Conclusion: Amgen’s Blincyto (blinatumomab) shows minimal efficacy and tolerability gains over older multi-drug induction regimens, yet it is priced at around $200,000 for a full course of treatment. If the company succeeds in expanding the drug’s label, it is likely to face pressure to lower the price significantly unless it can show considerably more clinical improvement in those expanded patient populations.
In December 2014, the FDA approved Blincyto (blinatumomab) for 2nd line treatment of a rare form of acute lymphoblastic leukemia (ALL). The addressable patient population is so small that Blincyto usually wouldn’t have drawn much attention, but it has been in the headlines due to its steep price. The drug is priced in line with other ultra-orphan drugs. But Blincyto doesn’t deliver the step-change in efficacy that other six-figure drugs have brought to the table. Before Blincyto’s approval, induction was carried out using various multi-drug regimens. Some are better than others, but none had become a universal therapeutic choice.
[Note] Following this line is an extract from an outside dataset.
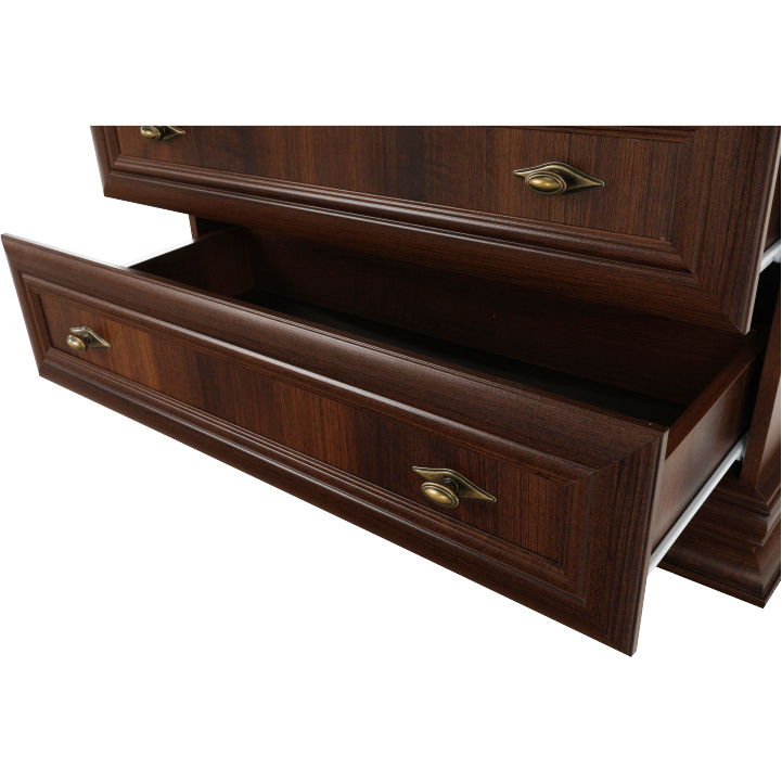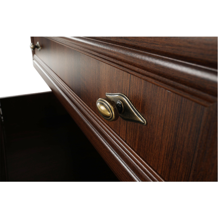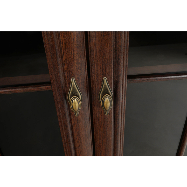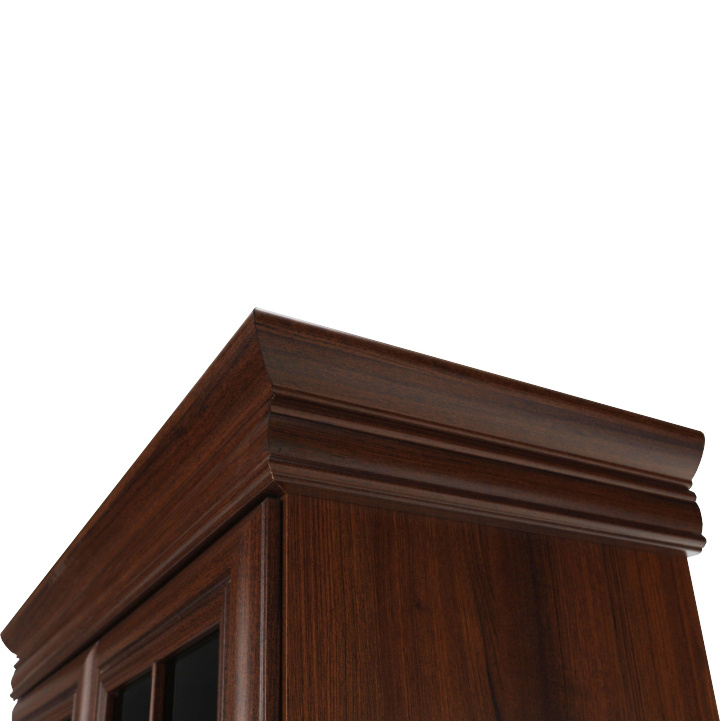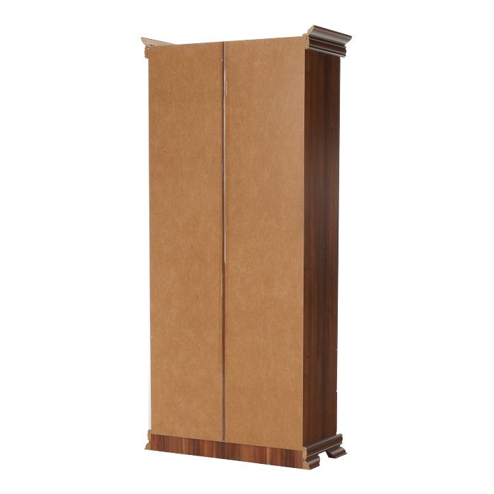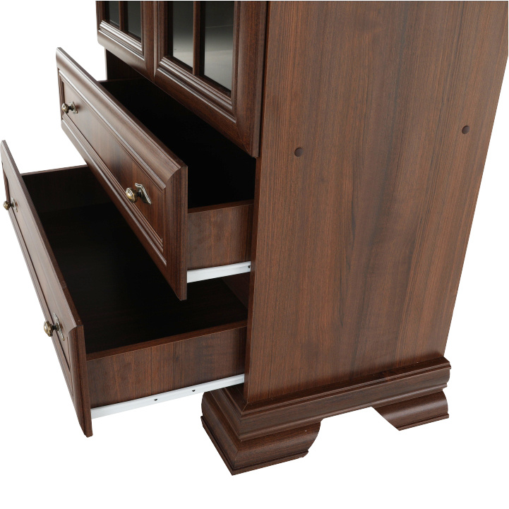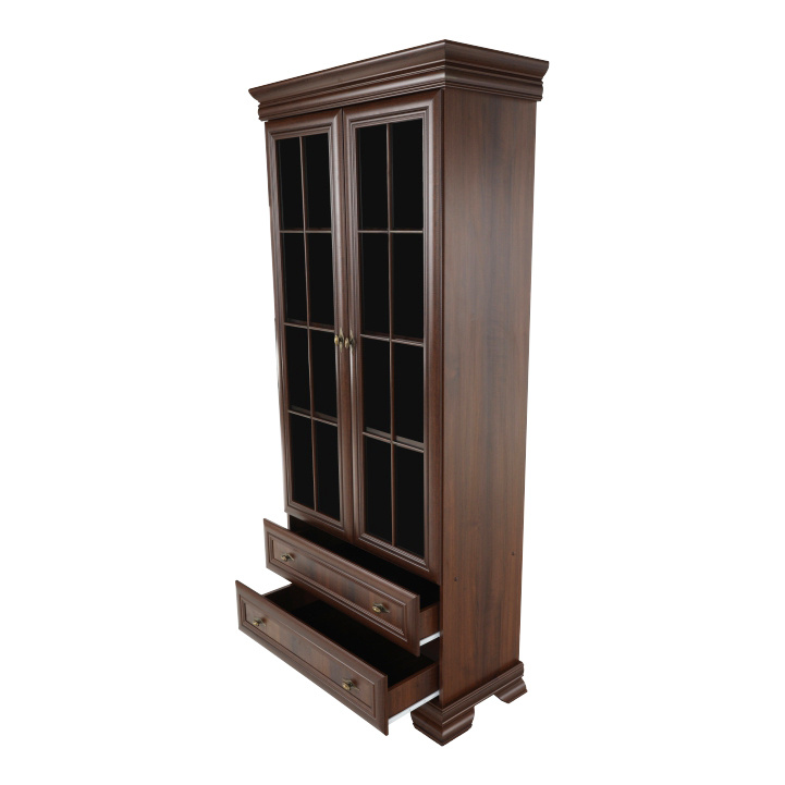 Vitrína KRW2 KORA. Barevné provedení samoa king. Materiál laminovaná DTD, MDF, kov, sklo. Rozměry (ŠxHxV): 88x40x193 cm Tloušťka materiálu korpus: 15 mm Tloušťka materiálu vrchní desky: 22 mm Tloušťka materiálu dolní desky: 22 mm Výška spodního prostoru od podlahy: 10,5 cm

Blincyto does have an efficacy advantage over all of the multi-drug regimens, but it is incremental in most cases. Blincyto also has a slight side effect advantage, and it is likely more convenient for the infusion centers to dose (patients might not notice much of a difference). For all these advantages, Blincyto’s improvement in Clinical Innovation, or percent reduction in unmet medical need, is more than offset by its huge price, which is roughly an order of magnitude more than that of the multi-drug regimens. Blincyto is currently being trialed in larger ALL patient populations, as well as the largest subset of non-Hodgkin’s lymphoma patients. We expect there will be much more pressure on the drug price if Blincyto is able to gain a label in a larger patient population.